The `platform.ClassifyError(err) ErrorClass` helper handles the routing. Use it.

## Testing phases

Unit tests use a mock platform.Client + an in-memory or scratch `PostgresStore`. The harness pattern:

```go
func TestCollectThings(t *testing.T) {
    ctx := context.Background()
    mockClient := &mockPlatformClient{
        things: []model.Thing{{ID: 1, Name: "alpha"}, {ID: 2, Name: "beta"}},
    }
    sc := NewStagedCollectorWithClient(mockClient, store, logger)
    result := &CollectResult{RepoID: 42}
    sw := db.NewStagingWriter(store, logger)

    sc.collectThings(ctx, sw, "owner", "repo", time.Time{}, result)

    sw.Flush(ctx)
    if result.ThingsCount != 2 {
        t.Errorf("expected 2 things, got %d", result.ThingsCount)
    }
}
```

For integration tests against a real PostgreSQL via `AVELOXIS_TEST_DB`, see [`testing.md`](testing.md).

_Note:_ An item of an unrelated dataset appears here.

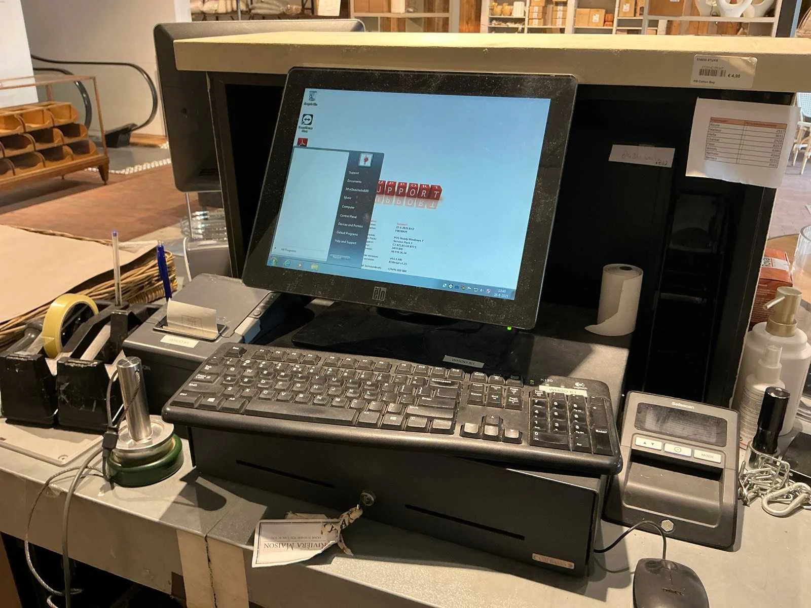 Bestaande uit: Elo touchscreen monitor, kassalade, cash tester, Epson bonnenprinter, Symbol barcodescanner en een Yomani pinapparaat. Zonder computer.

## Order-of-operations checklist

When adding a phase:

1. **Decide the phase type** (per-repo inline, background ticker, decoupled worker).
2. **Decide the data model** — new entity type, new columns on existing, new table?
3. **Write the platform.Client method** if the data comes from an external API (or extend existing).
4. **Write the failing test.**
5. **Implement the phase function** following the relevant template above.
6. **Wire into the scheduler / staged collector** at the right phase position.
7. **Add config knobs** with the `Interval / BatchSize / Cooldown` pattern if it's a background task.
8. **Test, document, version-bump, CLAUDE.md entry.**

## A real example to study

Read `internal/scheduler/repo_metadata_backfill.go` (~140 lines) — the v0.23.0 background phase that backfills `repo_description` and `primary_language` on existing rows. It's the cleanest minimal example of the periodic-ticker pattern: config knob, candidate query, per-row processing with continue-on-error, deterministic exit when the candidate set is exhausted.

Then read `internal/collector/scancode_worker.go` (~800 lines) — the v0.21.0 decoupled-worker pattern. Heavier, but it's the canonical example of a phase that needs its own lifecycle.

Between them, you've seen both ends of the phase-design spectrum.